- _Task prompt_: Write out all the entries word for word, but skip any images.

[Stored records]

******

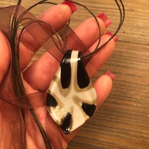 Very pretty back, cream and gold pendant necklace, which hangs from and intertwined string of Burgundy and black. This necklace has an adjustable link closure.
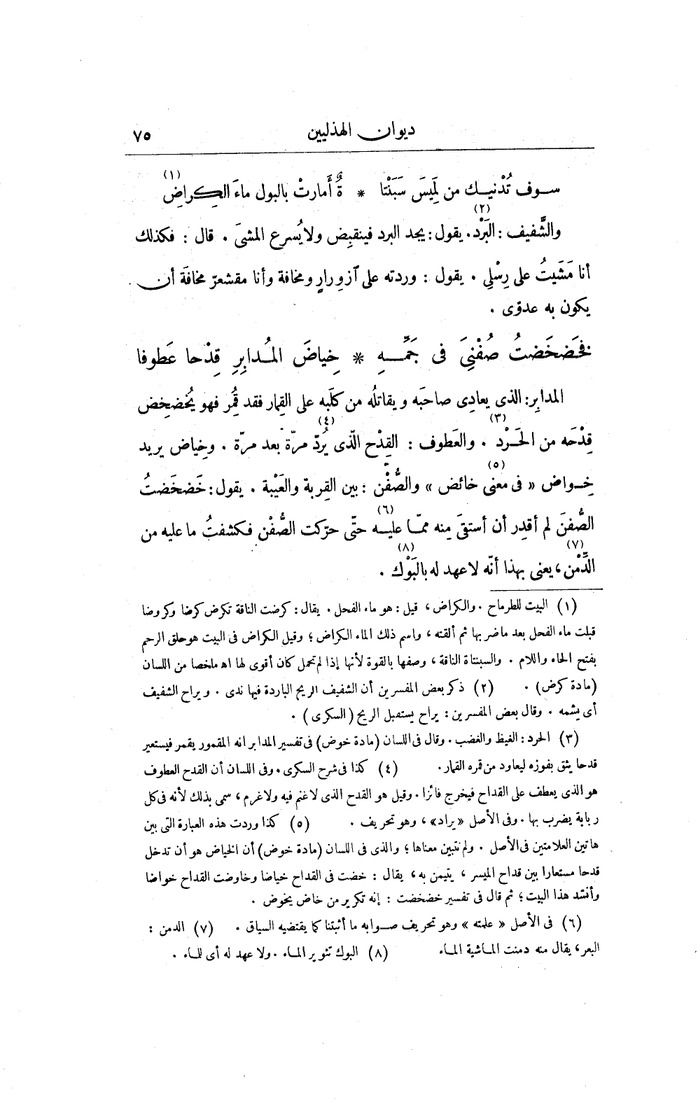 المدابِر: الذي يعادِى صاحبَه ويقاتلُه من كلَبه على القِمار فقد قُمِر فهو يُخضخِض قِدْحَه من الحَرْد (¬3). والعَطوف: القِدْح الّذى يردّ (¬4) مرّة بعد مرّة. وخِياض يريد خِواض "في معنى (¬5) خائض" والصُّفْن: بين القِربة والعَيْبة. يقول: خَضخَضتُ الصُّفنَ لم أقدِر أن أستقىَ منِه مما عليه (¬6) حتّى حرّكت الصُّفْن. فكشفتُ ما عليه من الدِّمْن (¬7)، يعني بهذا أنّه لا عهد له بالبَوْك (¬8).
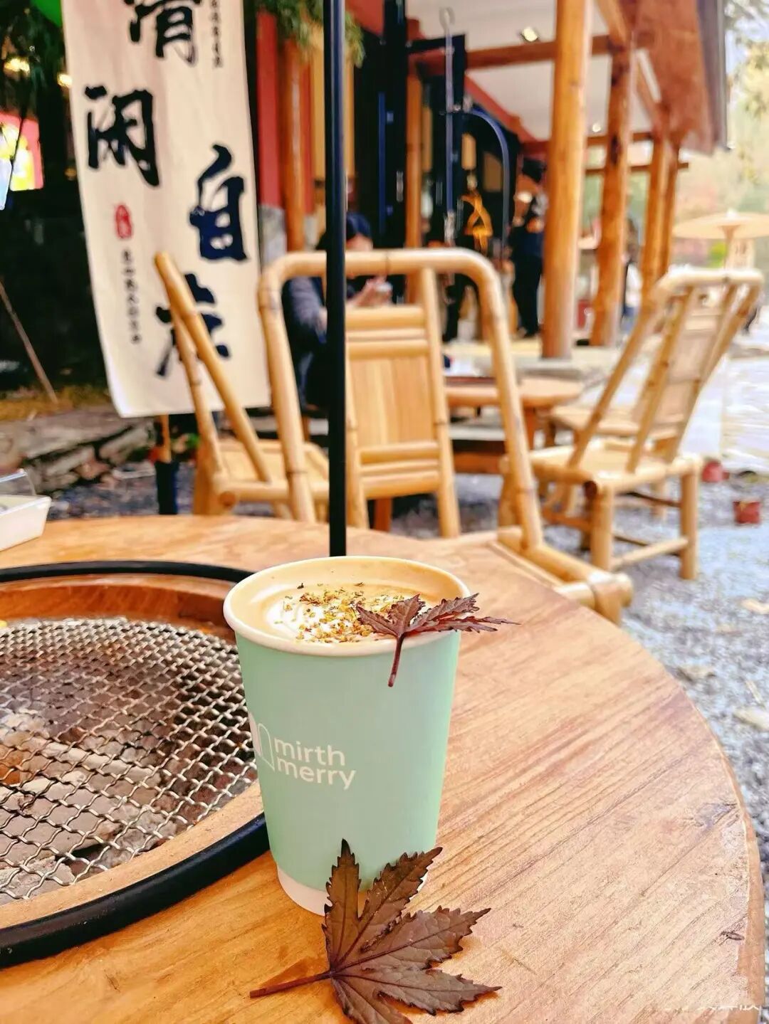 累了就去山间的「咖啡屋」,落地窗外就是漫山红浪,点一杯桂花拿铁,奶油顶撒上晒干的红叶碎,喝一口都是秋天的甜香。
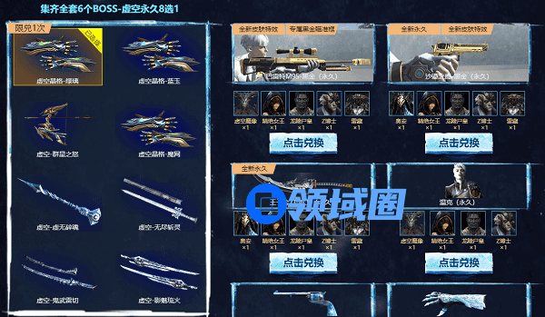 玩家们可以根据自己喜欢的选择一个的,这个需要玩家们去兑换的。但是玩家们必须要集齐6个boss才可以兑换虚空永久8选1的,还没有收集完boss的玩家们需要去做任务的哦。游戏宝手游网小编建议玩家们选择虚空晶格魔网。
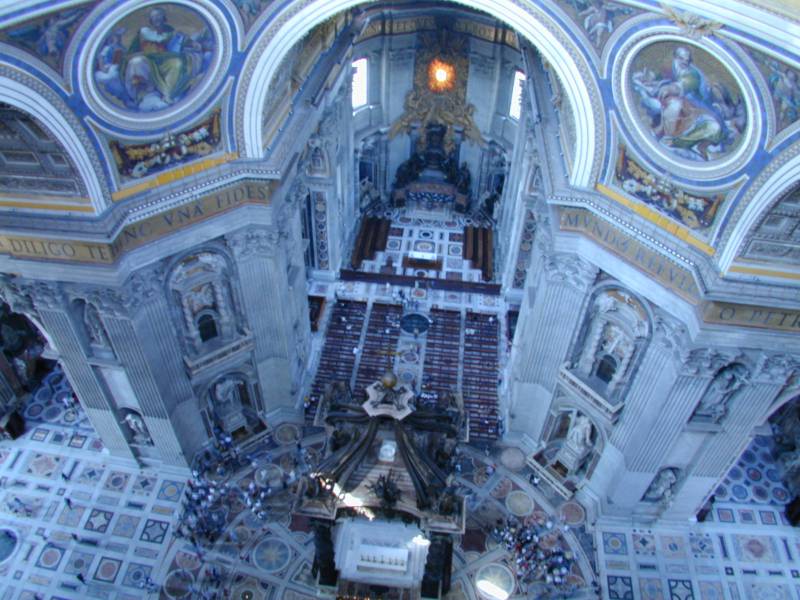 Looking down on the main altar of St. Peter's from inside the base of the dome. What appear to be paintings on the opposite side are actually mosaics!
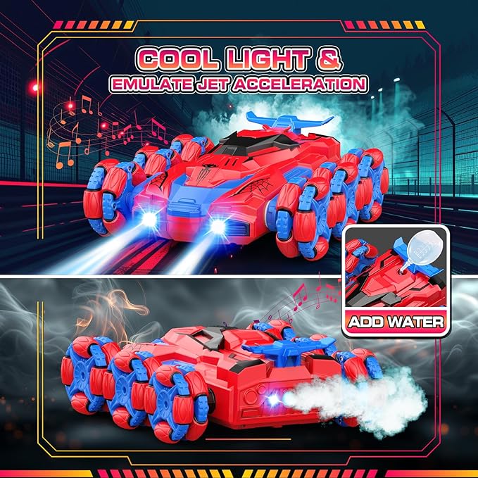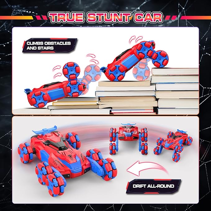 - Ideal gift for boys: Looking for a fun and practical gift? Try our remote control stunt car! This remote control car is perfect for birthdays, Halloween parties, Christmas gifts, and holidays. Your child will love this unique and super cool remote control car, making it the perfect birthday or holiday gift for kids.
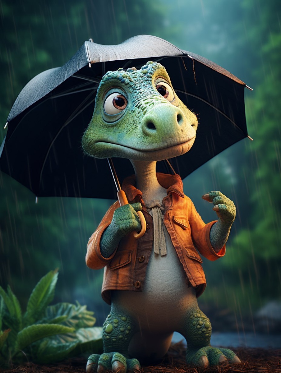 Создано на основе запроса: a grumpy cartoon dinosaur wearing a raincoat and holding an open umbrella, standing in the rain under a cloudy sky, with a forest in the background, Pixar-style, detailed lighting, soft textures, cinematic composition --- Автоперевод: Сварливый мультипликационный динозавр в плащ и с открытым зонтиком, стоящим под дождем под облачным небом, с лесом на заднем плане, в стиле Pixar, детальное освещение, мягкие текстуры, кинематографическая композиция Как тебе это изображение? 🤔 https://dzen.ru/id/65c0c65c86e4f837c27b24d7 #ИИ #AI #нейросеть #midjourney #art
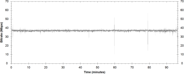 NOTE: The Vertical axis represents the bits transferred per second. The Horizontal is the time in minutes. |
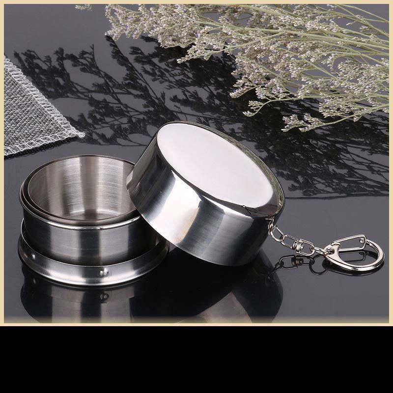 لیوان تاشو استیل با گیره اتصال به کیف و ... با کیفیت
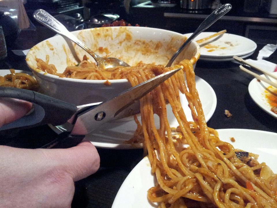 This year’s New Years Eve celebration was a far cry from last year’s. I’m not saying it wasn’t as good, it was just good in a very different way. Instead of being surrounded by hundreds of people in a small town convention center while being bombarded with cheesy country and 80s hits, it was just the two of us, hanging out at home, having a blast as usual. We both got out of work early…ooh, and it was snowing! Just enough to give us a light dusting, though. Tara was extremely unimpressed. We had been trying to decide whether to go out somewhere and party or stay at home, so we ended up compromising and did a nice Chinese dinner out, then came home. Tried a spot in Portland with great Yelp reviews called Shandong, and the place was hopping. The food was delicious, too: not your standard ultra-Americanized fare. Forget crab rangoon and sweet ‘n sour pork, we ordered Chilean rock crab and and shiitake shao loong bao. And pork with garlic and ginger infused cherry sauce. And red curry crab noodles. This place makes all their noodles from scratch, and they are three feet long so they serve them with a pair of scissors for cutting.
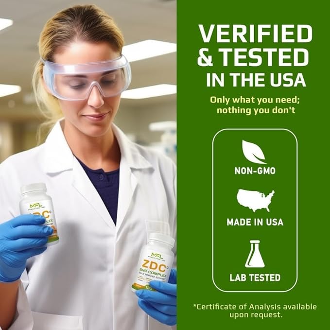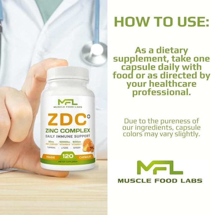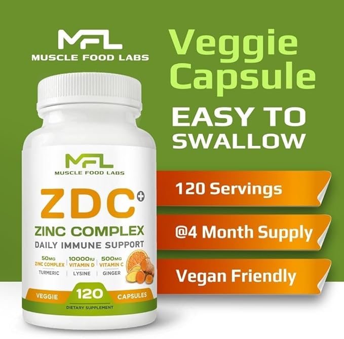 | Z D C Plus | Vitamin C, 500mg | Vitamin D3, | Zinc, | Turmeric | Ginger | Lysine | Non-GMO & Gluten Free | Veggie Caps | 120 Servings
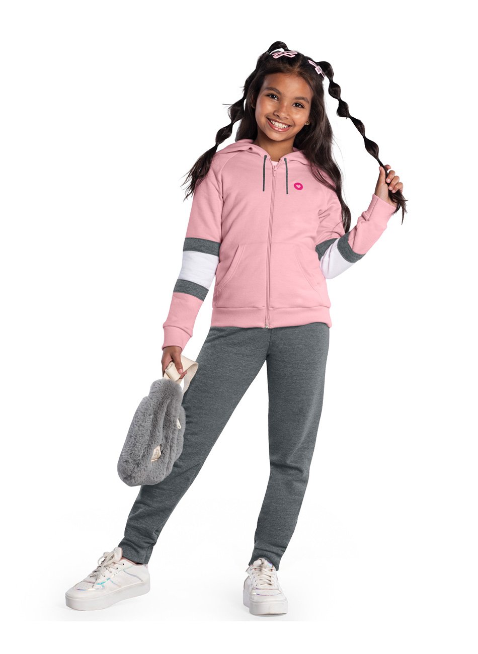 A jaqueta, confeccionada em moletom peluciado, oferece uma maciez e aconchego incomparáveis, graças à sua composição de 99% algodão e 1% poliéster. Um dos destaques desta peça é o aplique de coração em termocolante na lateral do peito, que adiciona um toque de charme e delicadeza. Além disso, a jaqueta possui capuz, zíper frontal e bolsos centralizados, proporcionando praticidade e funcionalidade para o dia a dia. As mangas longas com recortes em cores contrastantes na altura dos cotovelos conferem um visual moderno e estiloso. Os punhos das mangas e a barra da jaqueta com acabamento em molde garantem um ajuste confortável e seguro, perfeito para acompanhar as aventuras da sua pequena.
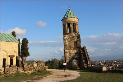 Над городом, на возвышении парит храм Собор Баграта или просто Баграти. Это очень яркая доминанта в Кутаиси — красивую бирюзовую крышу видно практически из любого места города, (недаром наше жилье называлось Panorama, — Баграти днем и ночью смотрит прямо в окно).
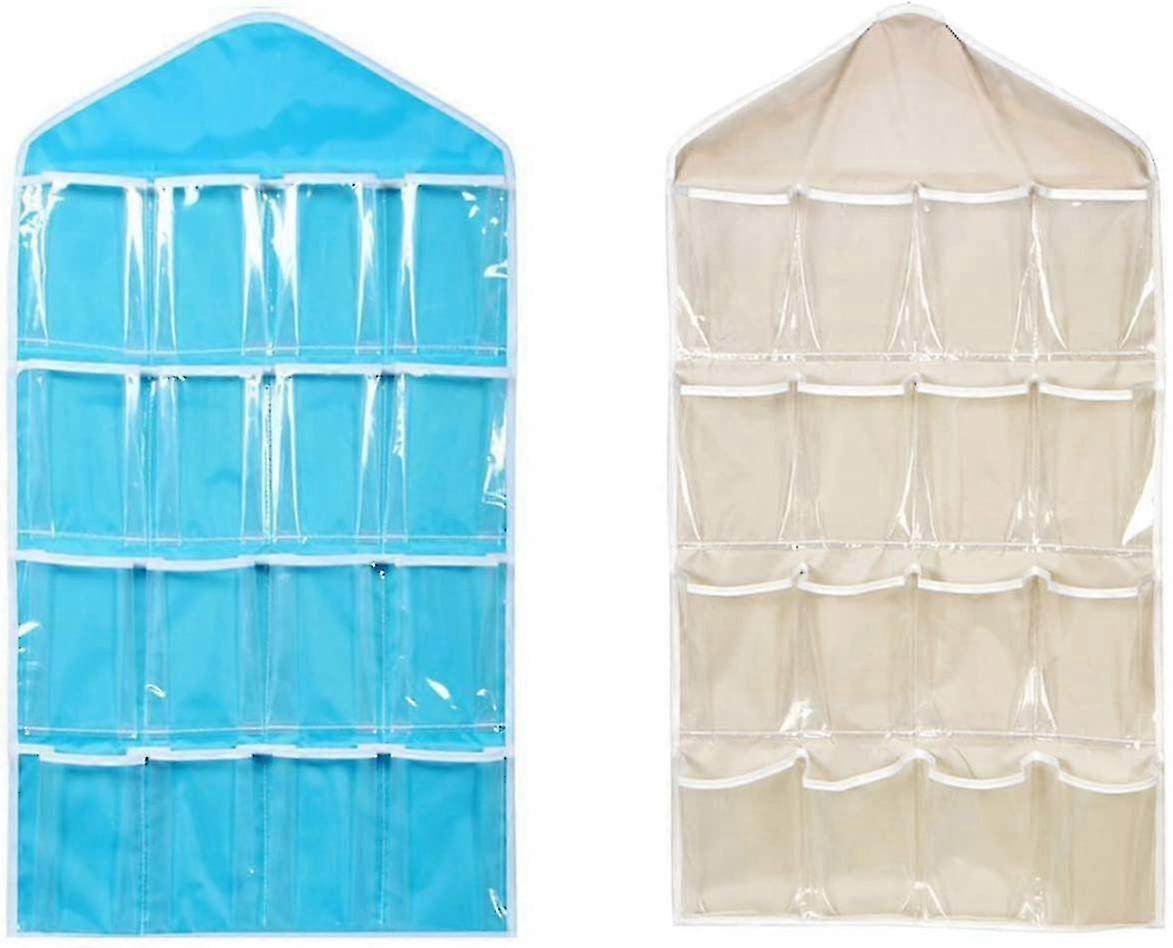 2 Sets Fabric Hanging Storage Organizer, Multi-Layer Transparent Hanging Bag with 16 Pockets for Shoes, Underwear & Jewelry

******

- _Solution for this task_:
 Very pretty back, cream and gold pendant necklace, which hangs from and intertwined string of Burgundy and black. This necklace has an adjustable link closure.
 المدابِر: الذي يعادِى صاحبَه ويقاتلُه من كلَبه على القِمار فقد قُمِر فهو يُخضخِض قِدْحَه من الحَرْد (¬3). والعَطوف: القِدْح الّذى يردّ (¬4) مرّة بعد مرّة. وخِياض يريد خِواض "في معنى (¬5) خائض" والصُّفْن: بين القِربة والعَيْبة. يقول: خَضخَضتُ الصُّفنَ لم أقدِر أن أستقىَ منِه مما عليه (¬6) حتّى حرّكت الصُّفْن. فكشفتُ ما عليه من الدِّمْن (¬7)، يعني بهذا أنّه لا عهد له بالبَوْك (¬8).
 累了就去山间的「咖啡屋」,落地窗外就是漫山红浪,点一杯桂花拿铁,奶油顶撒上晒干的红叶碎,喝一口都是秋天的甜香。
 玩家们可以根据自己喜欢的选择一个的,这个需要玩家们去兑换的。但是玩家们必须要集齐6个boss才可以兑换虚空永久8选1的,还没有收集完boss的玩家们需要去做任务的哦。游戏宝手游网小编建议玩家们选择虚空晶格魔网。
 Looking down on the main altar of St. Peter's from inside the base of the dome. What appear to be paintings on the opposite side are actually mosaics!
 - Ideal gift for boys: Looking for a fun and practical gift? Try our remote control stunt car! This remote control car is perfect for birthdays, Halloween parties, Christmas gifts, and holidays. Your child will love this unique and super cool remote control car, making it the perfect birthday or holiday gift for kids.
 Создано на основе запроса: a grumpy cartoon dinosaur wearing a raincoat and holding an open umbrella, standing in the rain under a cloudy sky, with a forest in the background, Pixar-style, detailed lighting, soft textures, cinematic composition --- Автоперевод: Сварливый мультипликационный динозавр в плащ и с открытым зонтиком, стоящим под дождем под облачным небом, с лесом на заднем плане, в стиле Pixar, детальное освещение, мягкие текстуры, кинематографическая композиция Как тебе это изображение? 🤔 https://dzen.ru/id/65c0c65c86e4f837c27b24d7 #ИИ #AI #нейросеть #midjourney #art
 NOTE: The Vertical axis represents the bits transferred per second. The Horizontal is the time in minutes. |
 لیوان تاشو استیل با گیره اتصال به کیف و ... با کیفیت
 This year’s New Years Eve celebration was a far cry from last year’s. I’m not saying it wasn’t as good, it was just good in a very different way. Instead of being surrounded by hundreds of people in a small town convention center while being bombarded with cheesy country and 80s hits, it was just the two of us, hanging out at home, having a blast as usual. We both got out of work early…ooh, and it was snowing! Just enough to give us a light dusting, though. Tara was extremely unimpressed. We had been trying to decide whether to go out somewhere and party or stay at home, so we ended up compromising and did a nice Chinese dinner out, then came home. Tried a spot in Portland with great Yelp reviews called Shandong, and the place was hopping. The food was delicious, too: not your standard ultra-Americanized fare. Forget crab rangoon and sweet ‘n sour pork, we ordered Chilean rock crab and and shiitake shao loong bao. And pork with garlic and ginger infused cherry sauce. And red curry crab noodles. This place makes all their noodles from scratch, and they are three feet long so they serve them with a pair of scissors for cutting.
 | Z D C Plus | Vitamin C, 500mg | Vitamin D3, | Zinc, | Turmeric | Ginger | Lysine | Non-GMO & Gluten Free | Veggie Caps | 120 Servings
 A jaqueta, confeccionada em moletom peluciado, oferece uma maciez e aconchego incomparáveis, graças à sua composição de 99% algodão e 1% poliéster. Um dos destaques desta peça é o aplique de coração em termocolante na lateral do peito, que adiciona um toque de charme e delicadeza. Além disso, a jaqueta possui capuz, zíper frontal e bolsos centralizados, proporcionando praticidade e funcionalidade para o dia a dia. As mangas longas com recortes em cores contrastantes na altura dos cotovelos conferem um visual moderno e estiloso. Os punhos das mangas e a barra da jaqueta com acabamento em molde garantem um ajuste confortável e seguro, perfeito para acompanhar as aventuras da sua pequena.
 Над городом, на возвышении парит храм Собор Баграта или просто Баграти. Это очень яркая доминанта в Кутаиси — красивую бирюзовую крышу видно практически из любого места города, (недаром наше жилье называлось Panorama, — Баграти днем и ночью смотрит прямо в окно).
 2 Sets Fabric Hanging Storage Organizer, Multi-Layer Transparent Hanging Bag with 16 Pockets for Shoes, Underwear & Jewelry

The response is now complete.